**Your goal:** Exactly the lines below, starting with the one containing "A decoupage Sweetheart" and going on through the one containing "Bonmarché Womens Beige", must be reproduced, both ends included, and no pictures with them.

Records excerpted from a collection
◆ ◆ ◆ ◆ ◆ ◆ ◆

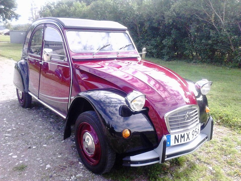 Sébastien, j'habite a Stockholm (Suede) depuis 4 ans, ma premiere voiture quand j'avais 18 ans c'etait une 2cv6 speciale rouge, je l'ai eu un an et demie, et puis je me suis marié en juin, ma femme aimant cette voiture voulais qu'on arrive a la ceremonie aec une 2cv, nous avons rencontré qulqu'un ici qui en a une jaune de1958, elle est detoute beauté, et de mon coté pour faire une petite surprise, j'ai acheté une Charleston comme cadeau de mariage, pour nous deux!! :-) c'est notre seule voiture, elle ne roulera pas l'hiver dans la neige mais on en profite chaque fois q'uil fait beau.... bref, un retour a mes 18 ans.... si lointain maintenant!! ;-)
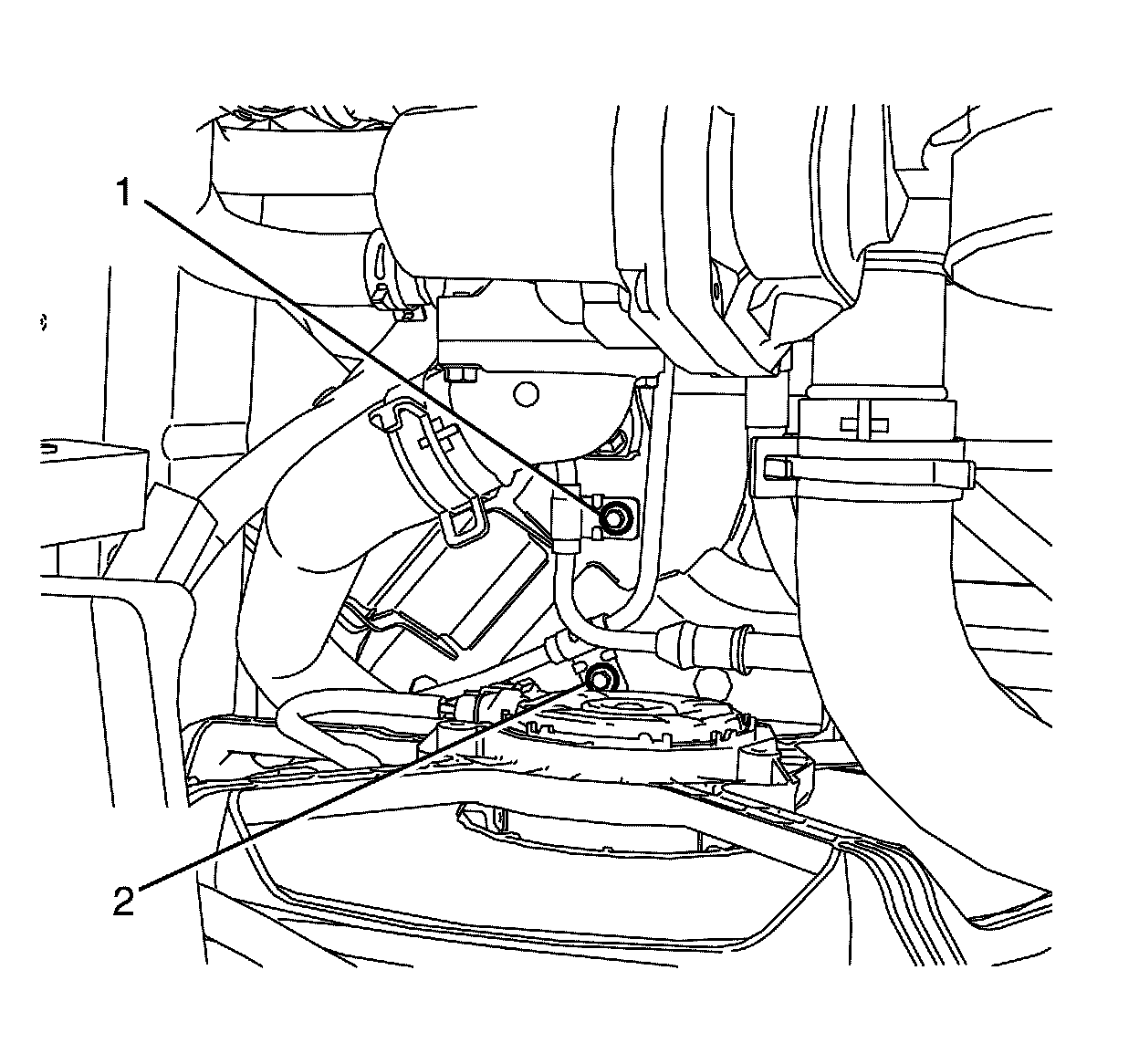 11. Remove the power steering gear inlet pipe bracket to subframe retaining bolt (2).
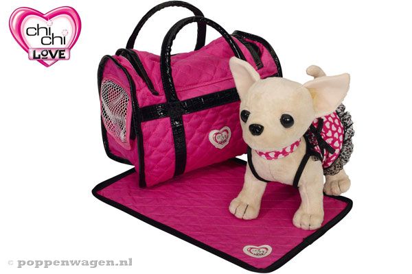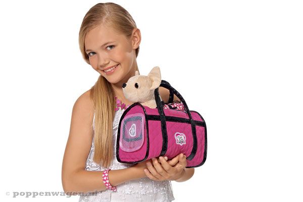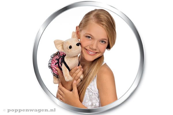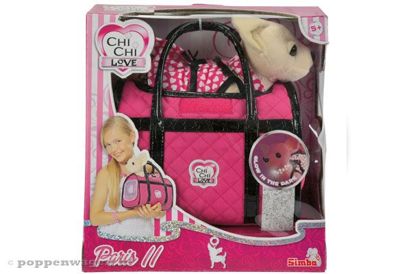 Paris II hondje in tas van Chi chi Love. Neem dit schattige chiwawa hondje overal mee naar toe in het roze handtasje. Het zachte pluche hondje heeft uiteraard een mooi jurkje aan zoals het hondje van Paris Hilton ook altijd heeft. In het donker geeft het jurkje en de halsband licht.
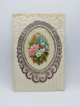 A decoupage Sweetheart or Valentines card, central bouquet on paperlace, no message within, approx 12 x 8cm.
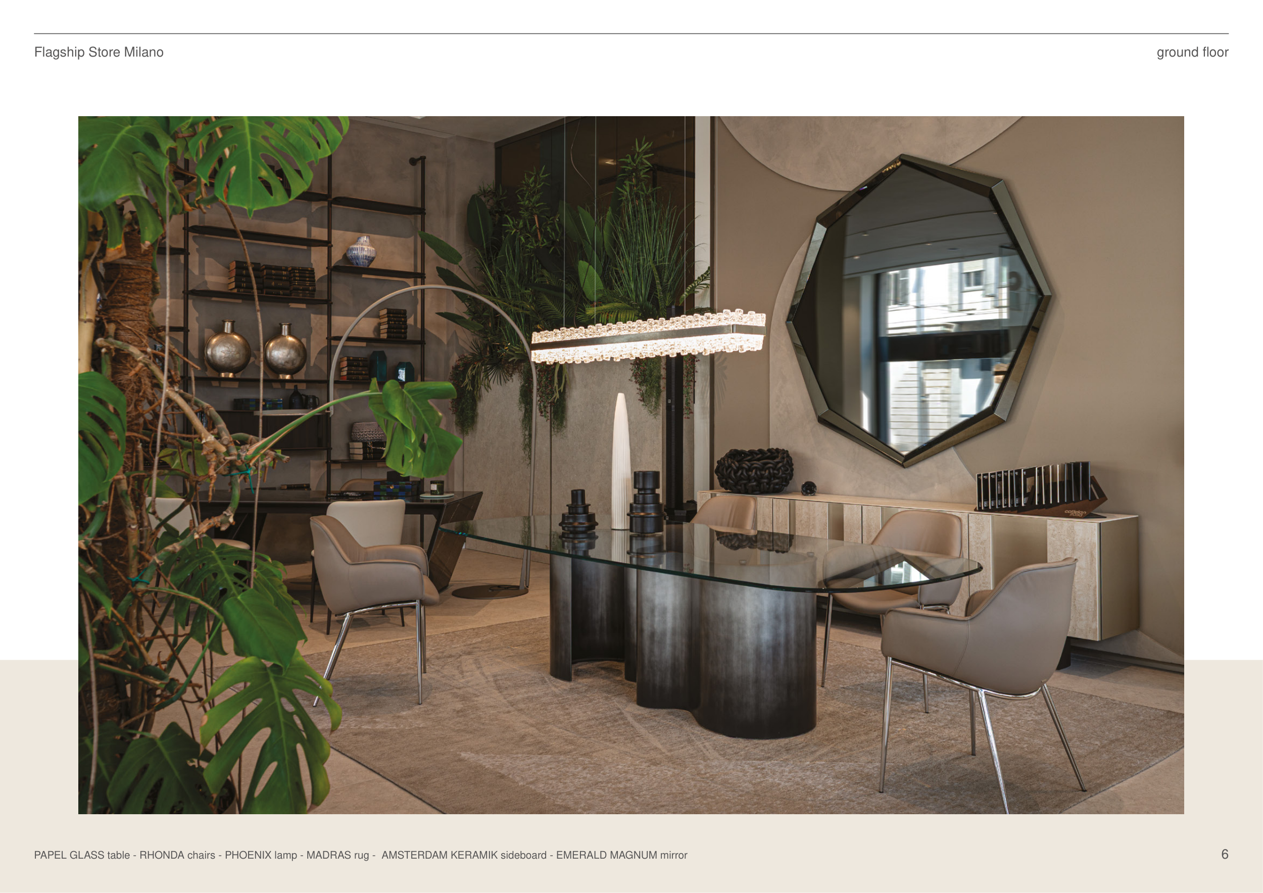 PAPEL GLASS table - RHONDA chairs - PHOENIX lamp - MADRAS rug - AMSTERDAM KERAMIK sideboard - EMERALD MAGNUM mirror
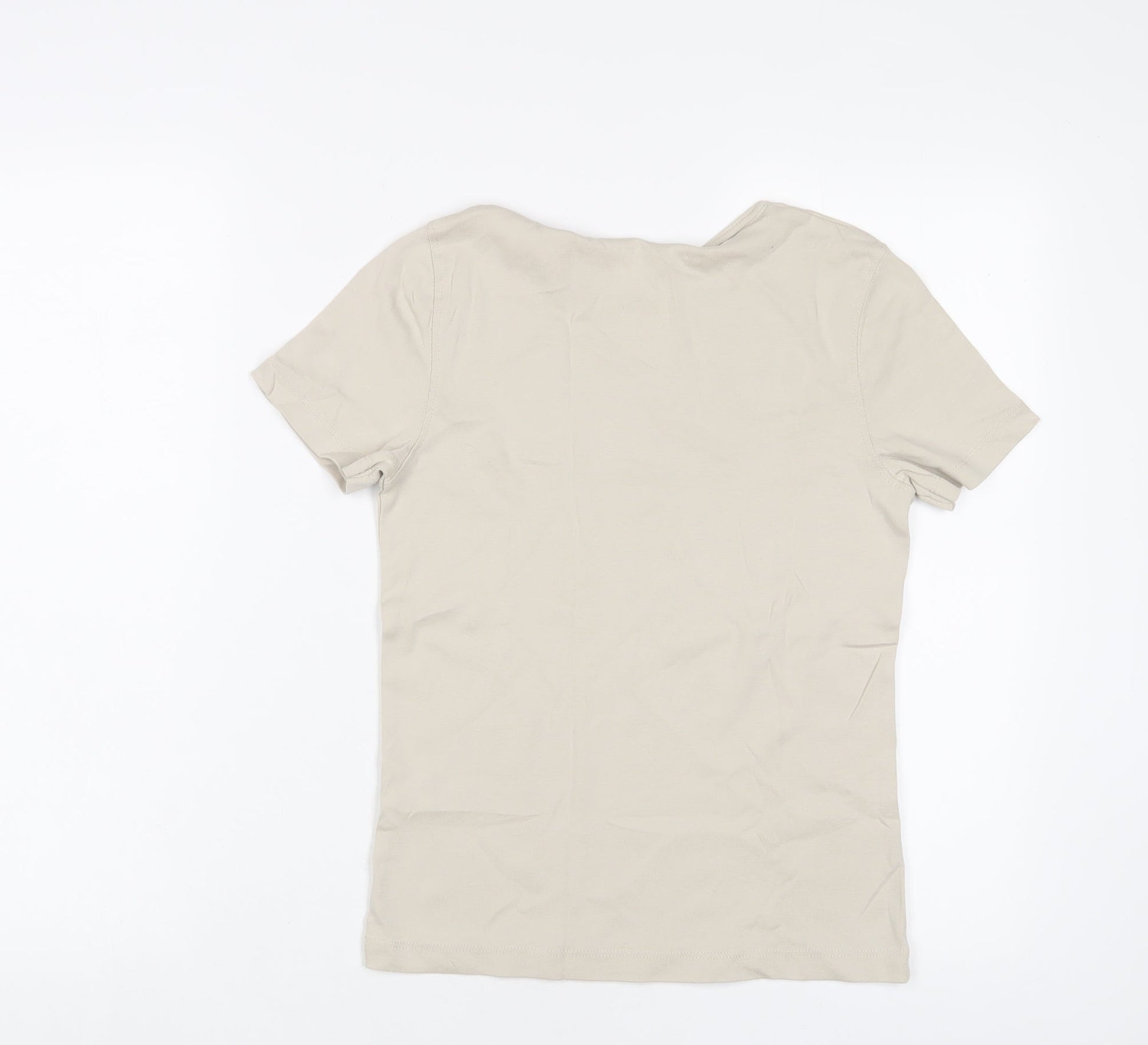 Bonmarché Womens Beige Cotton Basic T-Shirt Size XS Crew Neck
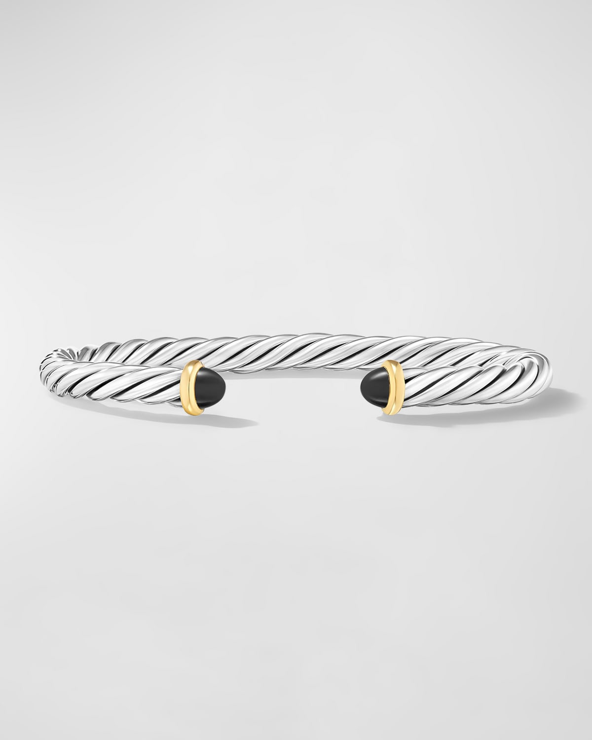 Men's Cable Flex Cuff Bracelet with Gemstone and 14K Gold in Silver, 6mm
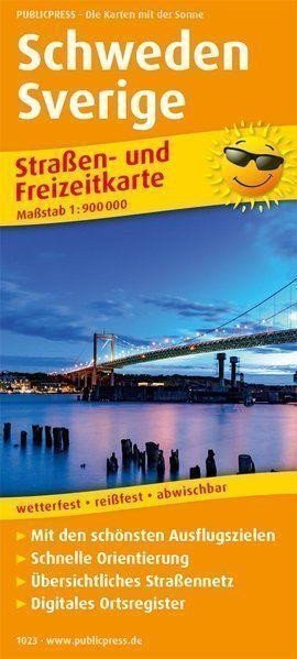 A road and leisure map for Sweden featuring tourist routes, highlights in the region, and parking spots for recreational vehicles. Quick orientation through the Clear Road Network. In the proven quality of public printing: weather-resistant, tear-resistant, labeled, and durable.
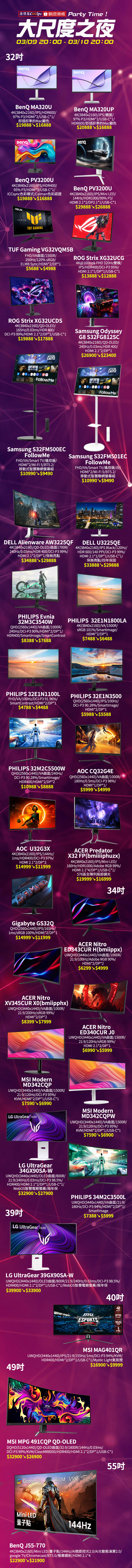 懂玩的人都知道,大的不只更好看,大的也更好用,大的用起來都有感!如果你也在追求大的刺激,就絕對不能錯過這次的「原價屋蝦皮大尺度之夜」,有各式各樣大尺寸螢幕優惠,從32吋到55吋通通有,由明碁BenQ、華碩ASUS、微星MSI、明碁BenQ、三星SAMSUNG、戴爾DELL、AOC、Philips飛利浦、ACER宏碁、Gigabyte技嘉等一眾老司機帶路,更棒的是最高折扣快$7000元,買到賺到啊!不過注意了,活動在原價屋蝦皮商城限定登場,時間從3/9 20:00~3/10 20:00限時一天,數量有限售完也可能提前結束,有興趣的朋友手速要快,錯過可就沒有囉。
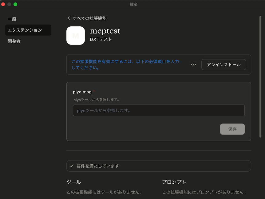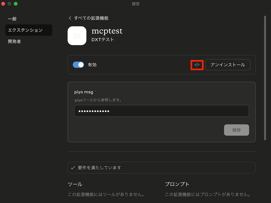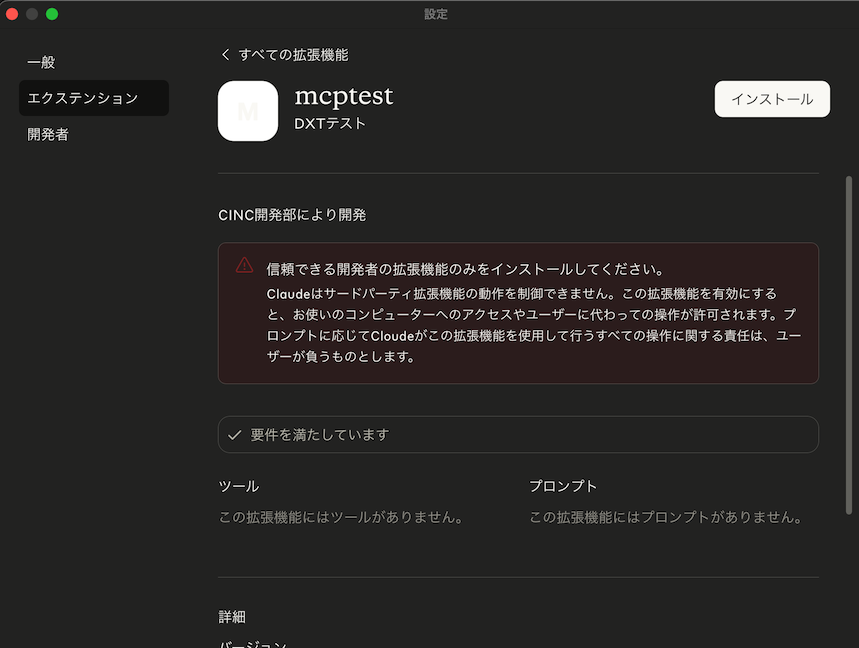 出来上がったtestmcp.dxtをClaudeDesktopにインストールします。
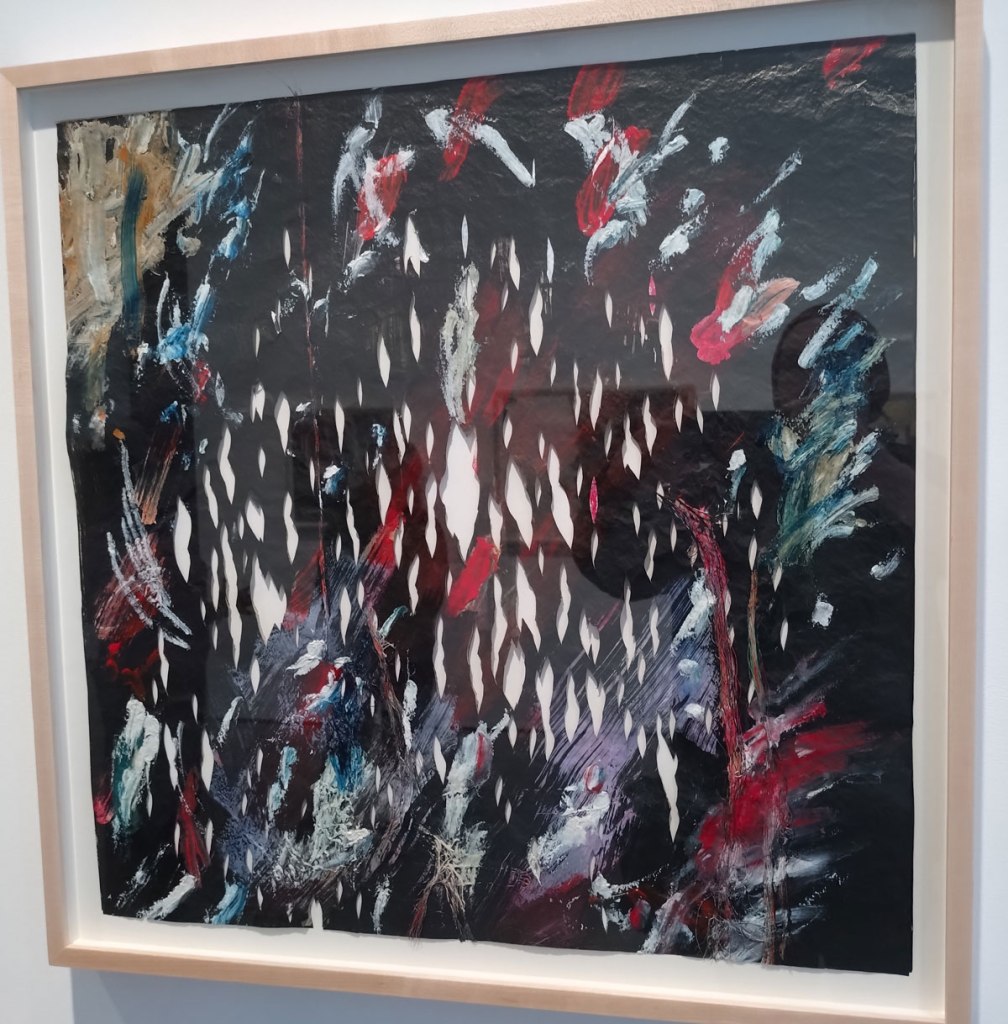 I like this show, I like Wura-Natasha Ogunji‘s art and the way she demands you really look. It isn’t just that your not quite sure what she’s done or what’s she’s used to do it, is that paper or paint under the reflection of the glass? It is as much about the results and at times the rich use of colour, the drama of her composition. She currently lives and works in the city of Lagos, Nigeria, her work does kind of feel like performance, it has that movement in terms of her decisions, I like Wura-Natasha Ogunji’s art.

◆ ◆ ◆ ◆ ◆ ◆ ◆

**Task response:**
 A decoupage Sweetheart or Valentines card, central bouquet on paperlace, no message within, approx 12 x 8cm.
 PAPEL GLASS table - RHONDA chairs - PHOENIX lamp - MADRAS rug - AMSTERDAM KERAMIK sideboard - EMERALD MAGNUM mirror
 Bonmarché Womens Beige Cotton Basic T-Shirt Size XS Crew Neck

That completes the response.